- Original 2010 5-disc release

Soundtrack album by Black Francis
- Released: 13 February 2010
- Recorded: April 2008
- Venue: Castro Theatre, San Francisco, California (live recordings)
- Studio: Hyde Street Studios, San Francisco, California; Wavelength Studios, Salem, Oregon; Sprout City Studios, Eugene, Oregon;
- Genre: Alternative rock
- Length: 84:05 (studio discs) 85:35 (live discs) 60:23 (one-disc edition)
- Label: Not on label The Bureau (one-disc edition)
- Producer: Eric Drew Feldman

Black Francis chronology
| Svn Fngrs (2008) | The Golem (2010) | NonStopErotik (2010) |

Alternative cover
- 2011 one-disc edition

= The Golem (album) =

The Golem is a soundtrack written and performed by Black Francis at the 2008 San Francisco International Film Festival for the 1920 film The Golem: How He Came into the World.

The soundtrack was released in 2010 as a 5-disc set.
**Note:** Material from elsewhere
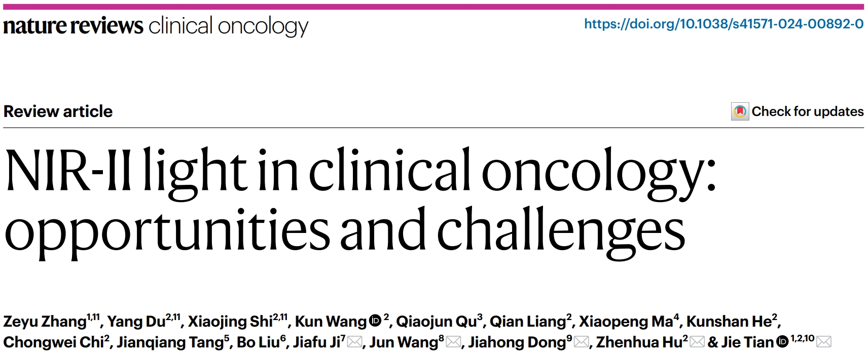 在近红外二区技术亟待临床突破的这一关键时期,北京亚洲成人在线一二三四五六区医学科学与工程学院张泽宇副教授、中国科学院分子影像重点实验室杜洋研究员与史小静助理研究员为共同第一作者;田捷教授、胡振华研究员、清华大学董家鸿教授、北京大学人民医院王俊教授、北京大学北京肿瘤医院季加孚教授作为通讯作者,联合国内多家单位的十余位作者共同撰文,在《Nature Reviews Clinical Oncology》(中科院一区TOP,IF = 78.8)上发表了题目为“NIR-II light in clinical oncology: opportunities and challenges”的综述论文,系统性地回顾了近红外二区技术在临床肿瘤治疗中的代表性进展,并围绕“降低复发率、提高生存率、减少并发症”等方面归纳了新技术带来的典型临床获益,提出了促进新技术成果临床转化的可行策略,为临床肿瘤相关领域的医生、科研人员、工程技术人员等认知近红外二区技术的发展现状和趋势提供了良好的参考。

Only 500 copies were made, and it was released exclusively for purchase from Blackfrancis.net. The set included 2 CDs containing the studio recordings, 2 CDs containing the original 2008 live performance at San Francisco International Film Festival, a DVD of The Golem: How He Came into the World with the soundtrack synced to the film, and a book containing chord charts by Nick Vincent and lyrics by Black Francis for The Golem. Each of the 500 copies were signed by Black Francis, and each were wrapped in brown paper and sealed with a "Black Francis" marked wax stamp.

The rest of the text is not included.